Annual increments of tree radial growth, tree-rings, are commonly used indicators of different factors affecting the growth variability of trees. Great benefits of tree-rings are that they form continuous annually resolvable time series providing long-term perspective on natural variability at individual-to-regional scale. In addition, great number of observational series of ring-widths can be obtained with relatively low costs. These time series can be further calibrated against any other reasonable and similarly resolved time series, most often with climatic records, in order to reveal the dependency of tree growth on these environmental factors (Fritts 1976). At the extreme conditions of northern timberlines, the primary factor known to affect the radial growth of trees is thermoclimate, directly and indirectly limiting the vital processes that control the growth. In northern Finland, the temperatures of growing season, especially during the mid-summer, are known to bear great influence on the radial tree growth (Mikola 1950; Sirén 1961; Hari and Sirén 1972; Lindholm 1996; Helama et al. 2004). However, also the climatic factors during the snow-melt, as well as during the mid-winter, have previously shown to have impact on the growth variability at these high-latitude sites (Lindholm et al. 2001; Macias et al. 2004).

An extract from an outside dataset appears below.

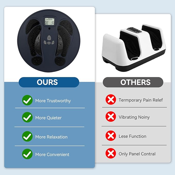 - 【TENS & EMS Technology】Experience advanced neuropathy relief with our foot massager. Combining EMS and TENS technologies boosts circulation and eases pain from neuropathy, arthritis, muscle spasms, swelling. Enjoy lasting relief for multiple conditions.

The main aim of this work was to study the tree growth variability by means of tree-rings. For this purpose, network of Scots pine ring-width chronologies at the proximity of the coniferous timberlines in northernmost Finland were analyzed. Special emphasis was put on the annual growth variability during the period of meteorological observations. These two types of data, biological and meteorological, were used here in order to model the relationships between year-to-year tree growth dynamics and their relationships to prevailed climate, as well as the time-dependency of these relationships. As shown by Hallet et al. (2004), large-scale climate indices might in some cases predict the ecological processes better than local weather. For that reason, monthly and seasonal indices of North Atlantic Oscillation (NAO) were used in the present analysis along with the variables of temperature and precipitation. NAO, characterized by an oscillation of atmospheric mass between the Arctic and the subtropical Atlantic, produces large changes in the mean speed and direction over the North Atlantic. This, in turn, bears influence the heat and moisture transport between the Atlantic and the continents around it, also in the study region (Hurrell 1995).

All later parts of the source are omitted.